The ultimate success or failure of BRI projects hinges on the active engagement of local stakeholders. For effective governance of such investments, careful coordination of engagement with local governments is essential – respectively at the state level to avoid such investments playing into pre-existing federal-state tensions, and at the municipal and district levels, to factor in community-level perspectives at the planning and development stages. The tendency for political and business elites to use BRI projects to advance their own interests and gain domestic leverage underscores the importance of understanding the political and economic context of host countries rather than seeing the BRI primarily in geopolitical terms. All of these factors are pertinent not just in Malaysia, but wherever projects undertaken under the Belt and Road Initiative are being implemented.
[i] Cheng-Chwee Kuik, Irresistible Inducement? Assessing China’s Belt and Road Initiative in Southeast Asia | Council on Foreign Relations (cfr.org), 15 June 2021.
[ii] Robin Bush, Belt and Road Initiative in Malaysia – a tool for domestic political elites - Devpolicy Blog from the Development Policy Centre, 2 August 2022.
[iii] Julia Merican, “Monitoring the Belt and Road Initiative”, BRI Monitor, Ideas: Monitoring the Belt and Road Initiative | IDEAS, 27 June 2022.
[iv] The website BRI Monitor – Civil Society Organizations documents research on the BRI in five countries in Southeast Asia and the Pacific, compiled collaboratively by a partner institution in each of those five countries: Malaysia, Cambodia, Philippines, Myanmar and Papua New Guinea.
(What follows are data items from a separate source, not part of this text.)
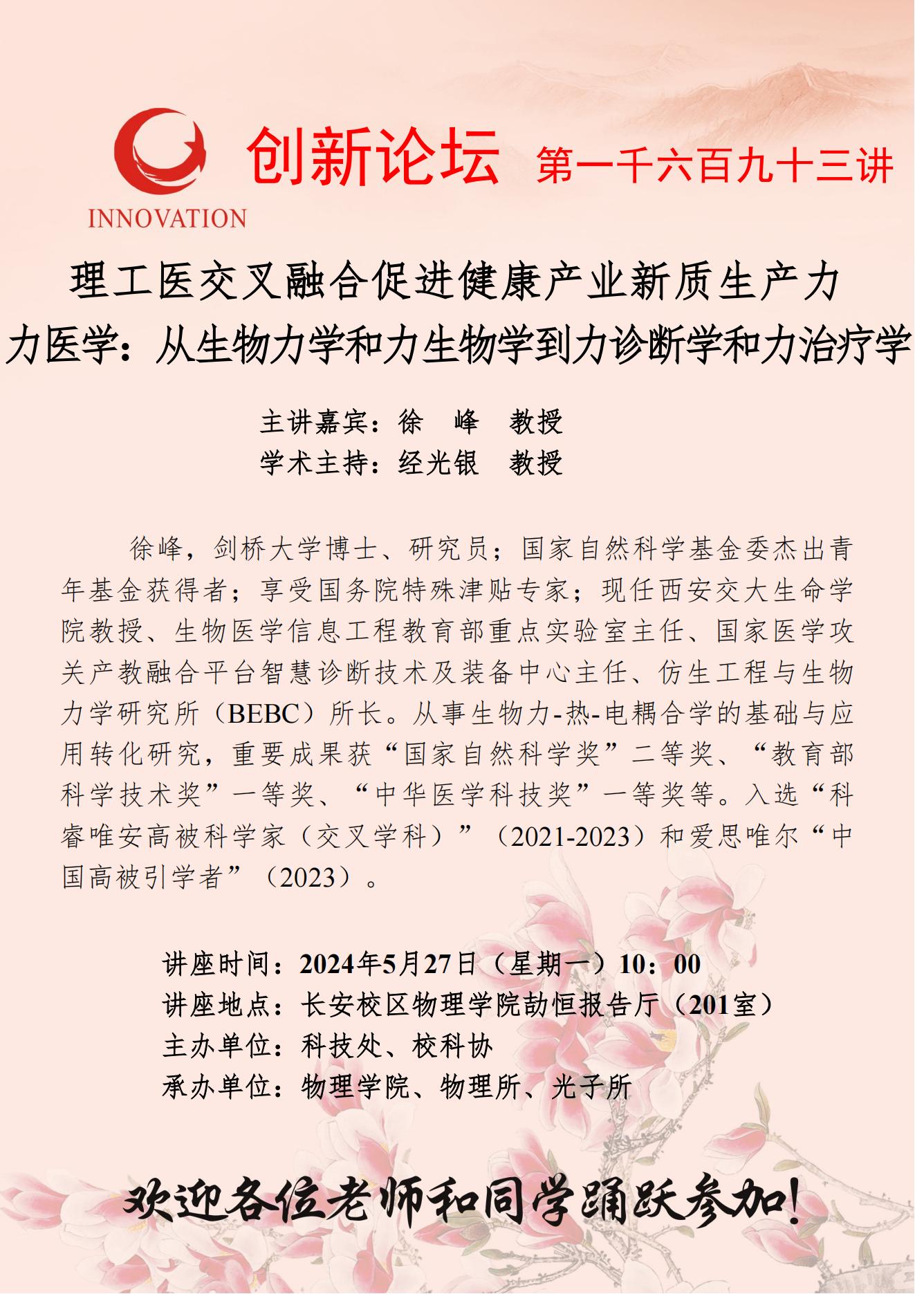 徐峰 教授 开云手机网页版登录入口创新论坛第一千六百九十三讲:理工医交叉融合促进健康产业新质生产力——力医学:从生物力学和力生物学到力诊断学和力治疗学 讲座时间 2024年5月27日(星期一)10:00 讲座地点 长安校区物理学院劼恒报告厅(201室) 讲座人介绍 徐峰 教授 讲座内容
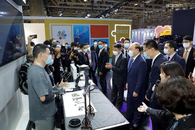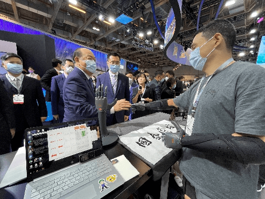 展會(huì)開(kāi)啟第一天,澳門(mén)特別行政區(qū)行政長(zhǎng)官賀一誠(chéng)、中央人民政府駐澳門(mén)特別行政區(qū)聯(lián)絡(luò)辦公室副主任嚴(yán)植嬋、外交部駐澳門(mén)特別行政區(qū)特派員公署署理特派員王冬、浙江省人民政府副省長(zhǎng)盧山、澳門(mén)特別行政區(qū)立法會(huì)主席高開(kāi)賢等出席了開(kāi)幕式并參觀了展覽。澳門(mén)特首賀一誠(chéng)、浙江省副省長(zhǎng)盧山一行人來(lái)到BrainCo強(qiáng)腦科技展臺(tái),一下被一款“假手”吸引住目光,盧山副省長(zhǎng)和BrainCo強(qiáng)腦科技工作人員向特首介紹了“假手“的功能:一款用大腦控制、能隨意做任何動(dòng)作的智能仿生手??吹诫p臂佩戴仿生手的倪敏成自如地動(dòng)每一根手指,在場(chǎng)人員不禁鼓起掌來(lái)。
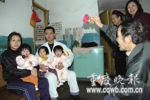 沙坪壩區(qū)的梁紅兵喜得三胞胎,娃娃長得一個比一個乖,這原是件讓人很羨慕的事,但在工廠當(dāng)裝配工的他卻因難以承受高昂的撫養(yǎng)費,與待業(yè)在家的妻子廖洪整日愁眉不展。
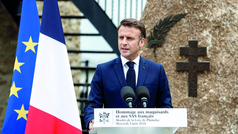 وتجمع قادة العالم مع ماكرون في «بريتاني»، أول من أمس، بهدف تكريم أولئك الذين شاركوا في إنزال قوات الحلفاء في السادس من يونيو عام 1944. وسقطت أول ضحية من قوات الحلفاء في بلدة تعرف باسم «بلوميليك» في السادس من يونيو عام 1944، وخاطب الرئيس ماكرون الجنود، متحدثاً عن التضحيات التي قدمها الحلفاء قبل 80 عاماً.
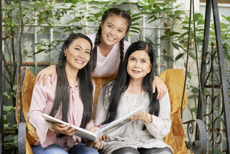 Красивые женщины из нескольких поколений на качелях
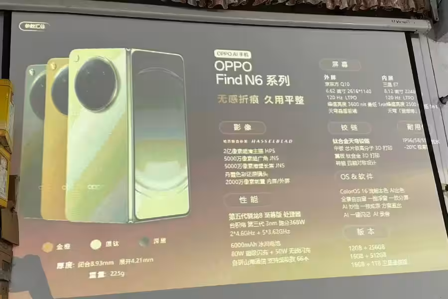 Согласно опубликованной информации, внешний экран Find N6 может получить диагональ 6,62 дюйма и разрешение 1.5K+. Предположительно используется панель BOE Q10 с поддержкой стандартов Dolby Vision, HDR Vivid и HDR10+. Также говорится о применении LTPO-матрицы 8T с адаптивной частотой обновления от 1 до 120 Гц.
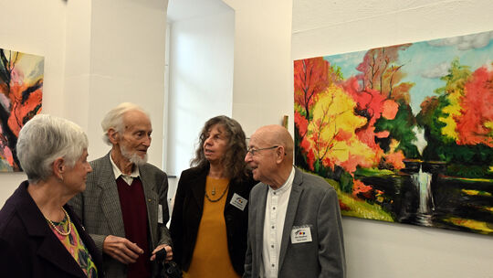 In opulenten Farben hat Karl Kaul (2. von links), Gründer und Senior der Hauderer, den herbstlichen Wald auf seinem Gemälde verewigt. Dupuis Werner. Werner Dupuis
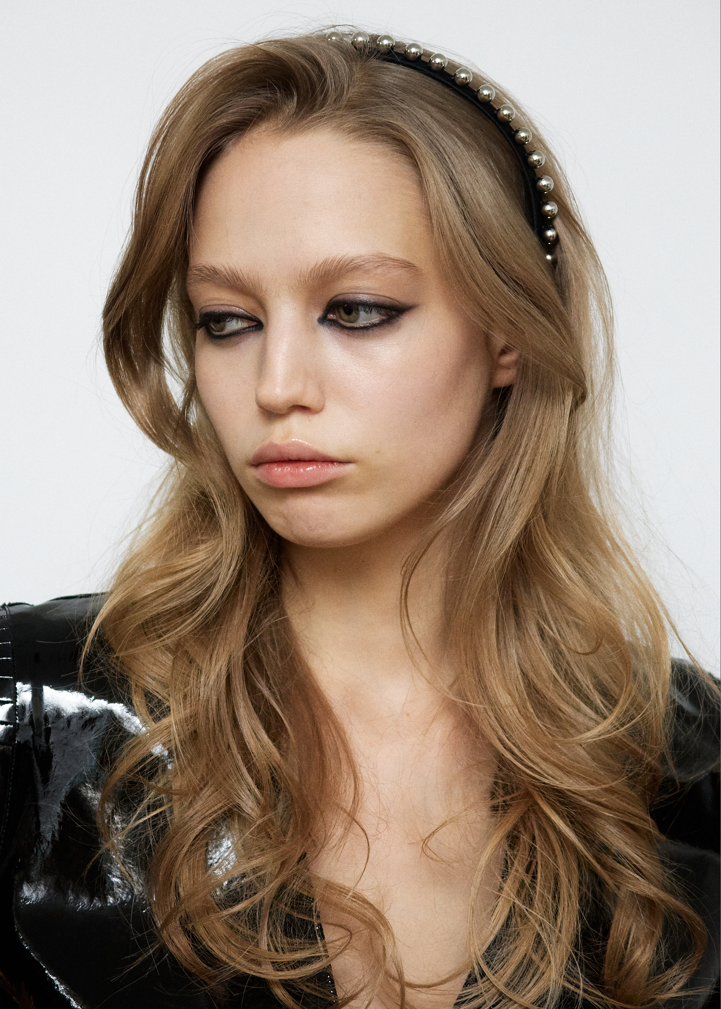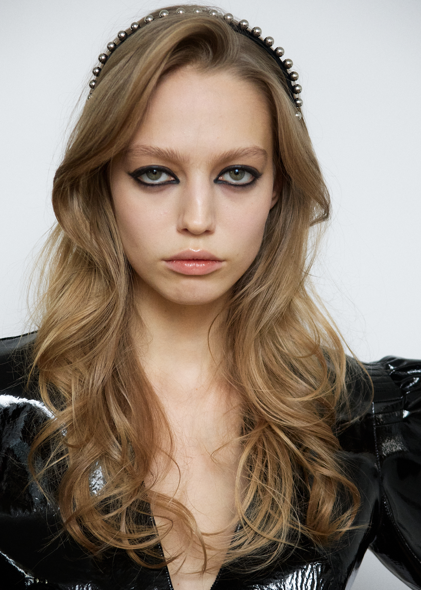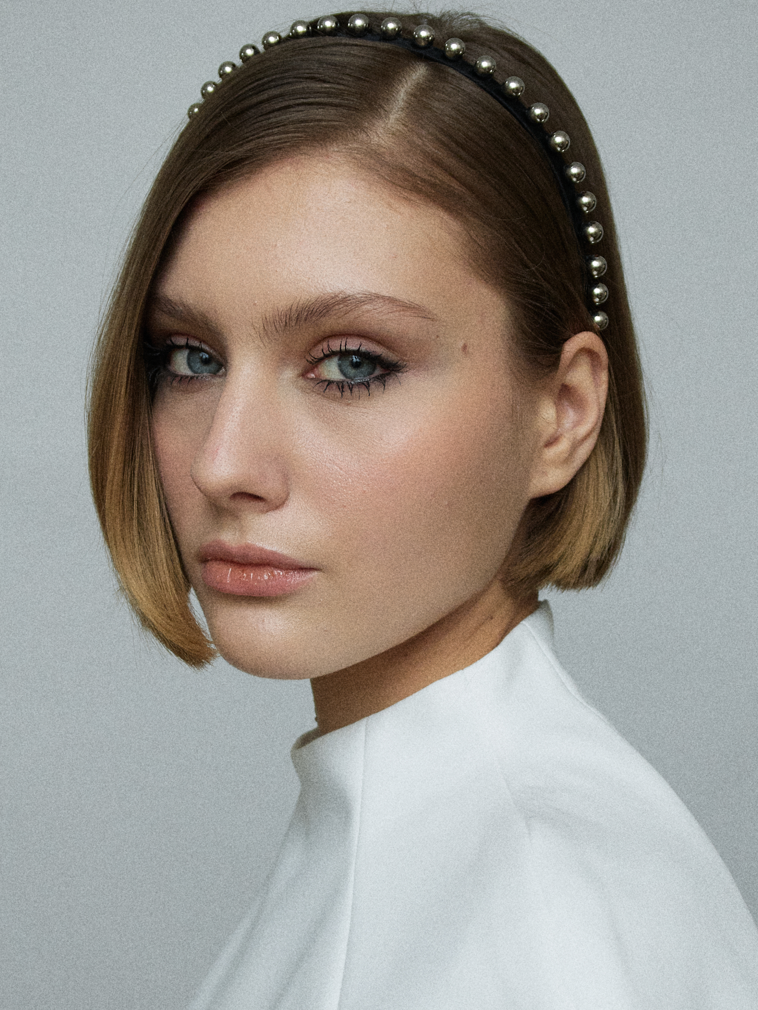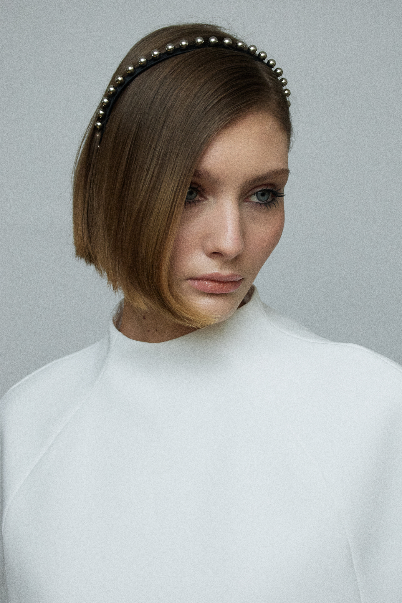 Тонкий ободок из шелкового атласа с мелкими металлическими шарами, который вручную выполнен нашими мастерами.
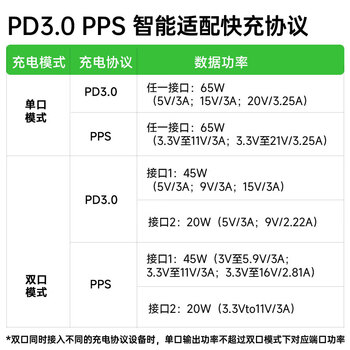 65 瓦的双 USB-C® GaN 壁式充电器1个 型号:WCH013yzWH
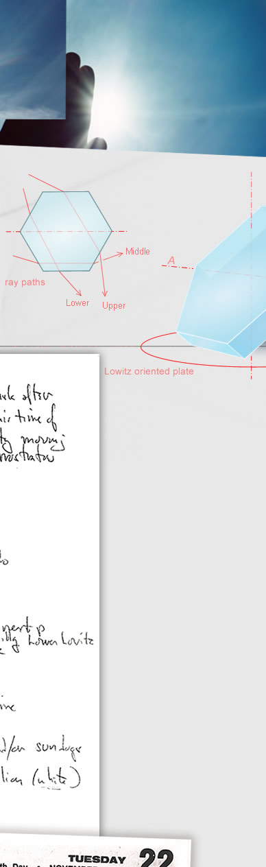 | 1988 Lowitz Pictures Robert Gorkin meticulously recorded this ice halo display at Dover, Delaware, USA on Tuesday, November 22, 1988 13:15 to 14:00 EST. At left is one of 24 images recorded on two film rolls. His images are the earliest known ones of the three Lowitz arcs. Lowitz arcs have generated more controversy than any other halo. One arc was first sketched by Tobias Lowitz in St Petersburg 1790. Subsequent sightings were sparse indeed. The absence of photographs, even from superb halo locations like the Arctic and Antarctic, led to serious doubts about their existence through to the late 1990s and in some cases beyond. That did not stop theoretical investigation. It was established that they might be formed by plate crystals with a rotation axis parallel to a large hexagonal face. In 1979 Mueller, Greenler and Mallmann used the new tool of computer ray tracing to predict that crystals with a 'Lowitz axis' passing across a crystal diagonal would produce three types of Lowitz arc, an 'upper', 'lower' and 'middle'. Gorkin's 1988 images are perhaps the earliest that show them - although the middle arc is, as always, rather elusive. In the top image (#16) the lower Lowitz arc, the only one recorded by Lowitz, stretches down from the sundog towards the 22º halo. A fainter arc extends upwards to the 22º halo, the predicted upper arc. In places the two arcs overlay the 22º halo and their presence, as here, is often best indicted by weakness of the 22º halo opposite the parhelion. There is possibly also the third predicted Lowitz arc, the middle, extending nearly vertically through the parhelion. This is slightly more evident in the stack of three images at left. Mouse over to see the matching ray tracing. When the sun is less than around 30° high the best place to search for an upper Lowitz arc is above the 22º halo rather than near the sundogs. There, it crosses the upper tangent arc and becomes tangent to the Parry arc. Gorkin's images below (#19,18 ) show it clearly. They also show the arcs near each parhelion. All images ©Robert Gorkin, shown with permission. |
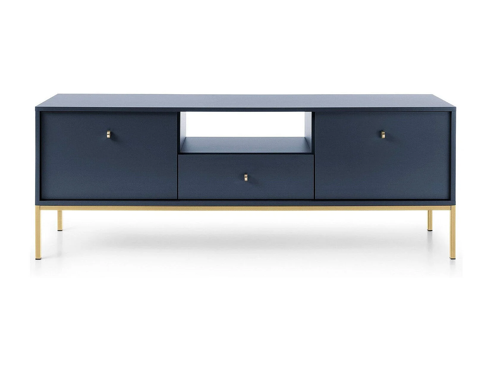 Meuble TV 2 portes, 1 tiroir avec pieds en métal doré, 154x56 cm
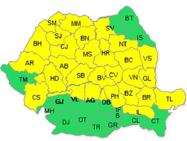 Avertizarea cod galben a fost emisă pentru judeţele Tulcea, Brăila, Ialomiţa, Prahova, Buzău, Vrancea, Galaţi, Vaslui, Bacău, Neamţ, Suceava, Harghita, Covasna, Braşov, Sibiu, Mureş, Bistriţa-Năsăud, Maramureş, Satu Mare, Sălaj, Cluj, Alba, Hunedoara, Bihor, Arad şi Caraş-Severin. Sub avertizare cod galben vor fi şi zone limitate din nordul judeţelor Gorj, Vâlcea, Argeş şi Dâmboviţa şi din estul judeţului Timiş.
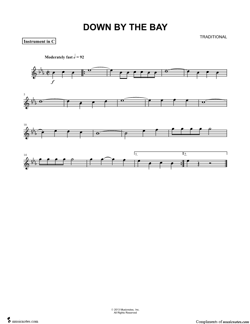 1. Down by the Bay - C Instrument (click here to preview and play this piece) Performer: Composer: Lyricist: Scored For:Instrumental Solo Instruments:C Instrument, range: Bb4-G5, Violin, Oboe, Flute and Recorder Number of pages:1 Click here to purchase this piece separately for $4.99 |
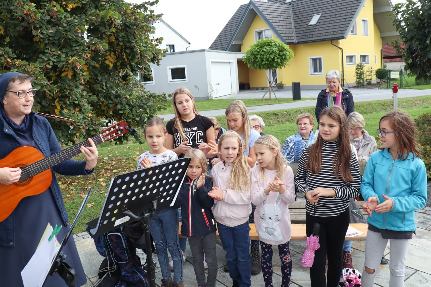 Die Familienwallfahrt führte diesmal von der Pfarrkirche nach Dobl-Dorf – aber nicht direkt. Mit einigen Stationen führte der Weg über den Oberberg durch den Kaiserwald nach Dobl-Dorf. Dort feierten wir dann eine Wortgottesfeier, nach welcher wir noch auf eine Jause eingeladen wurden.

The stated purpose of this BRI monitoring project is to inform policy advocacy and “promote transparency and accountability in major infrastructure projects funded through the Belt and Road Initiative (BRI) in the region.”
[v] Asia Foundation report, Social Impact and Community Perception of Belt and Road Initiative Projects in Malaysia (asiafoundation.org), March 2022. The survey was sponsored by the Asia Foundation in collaboration with the Merdeka Centre for Public Opinion and the Rongzhi Corporate Social Responsibility Institute. See page 32 for concerns identified by communities surveyed.
[vi] Guanie Lim and Keng Khoon Ng, How Malaysian Politics Shaped Chinese Real Estate Deals and Economic Development - Carnegie Endowment for International Peace, 8 June 2022.
[vii] Pascal Abb, Infrastructural transformation in high-risk environments: The BRI’s impact on conflict states - Belt & Road in Global Perspective (utoronto.ca), May 2022.